- [Information]
┌──

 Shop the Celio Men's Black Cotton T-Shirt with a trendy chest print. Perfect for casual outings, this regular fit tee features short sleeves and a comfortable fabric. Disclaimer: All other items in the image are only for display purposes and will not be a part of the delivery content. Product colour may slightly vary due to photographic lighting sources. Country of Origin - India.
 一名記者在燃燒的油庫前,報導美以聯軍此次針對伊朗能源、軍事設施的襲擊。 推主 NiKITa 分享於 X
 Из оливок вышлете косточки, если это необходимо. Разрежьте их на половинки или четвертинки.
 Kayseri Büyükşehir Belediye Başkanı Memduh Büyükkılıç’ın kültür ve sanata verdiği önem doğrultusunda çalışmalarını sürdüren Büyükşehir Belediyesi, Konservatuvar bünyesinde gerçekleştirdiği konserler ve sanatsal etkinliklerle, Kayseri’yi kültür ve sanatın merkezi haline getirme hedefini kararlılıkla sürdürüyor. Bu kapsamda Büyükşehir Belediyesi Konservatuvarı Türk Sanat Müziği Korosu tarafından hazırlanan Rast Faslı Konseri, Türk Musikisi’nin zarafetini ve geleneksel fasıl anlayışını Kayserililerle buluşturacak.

└──
┌──

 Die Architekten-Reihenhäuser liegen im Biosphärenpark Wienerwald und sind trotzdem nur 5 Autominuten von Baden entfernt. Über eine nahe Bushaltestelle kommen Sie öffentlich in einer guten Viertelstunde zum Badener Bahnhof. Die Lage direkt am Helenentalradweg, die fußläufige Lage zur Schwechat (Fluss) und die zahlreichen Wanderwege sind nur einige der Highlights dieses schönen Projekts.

└──

- [Activity] With the first line being the one containing "一名記者在燃燒的油庫前,報導美以聯軍此次針對伊朗能源、軍事設施的襲擊。 推主 NiKITa" and the last line the one containing "Kayseri Büyükşehir Belediye", transcribe exactly the lines above that fall in that range.

- [Exercise answer]
 一名記者在燃燒的油庫前,報導美以聯軍此次針對伊朗能源、軍事設施的襲擊。 推主 NiKITa 分享於 X
 Из оливок вышлете косточки, если это необходимо. Разрежьте их на половинки или четвертинки.
 Kayseri Büyükşehir Belediye Başkanı Memduh Büyükkılıç’ın kültür ve sanata verdiği önem doğrultusunda çalışmalarını sürdüren Büyükşehir Belediyesi, Konservatuvar bünyesinde gerçekleştirdiği konserler ve sanatsal etkinliklerle, Kayseri’yi kültür ve sanatın merkezi haline getirme hedefini kararlılıkla sürdürüyor. Bu kapsamda Büyükşehir Belediyesi Konservatuvarı Türk Sanat Müziği Korosu tarafından hazırlanan Rast Faslı Konseri, Türk Musikisi’nin zarafetini ve geleneksel fasıl anlayışını Kayserililerle buluşturacak.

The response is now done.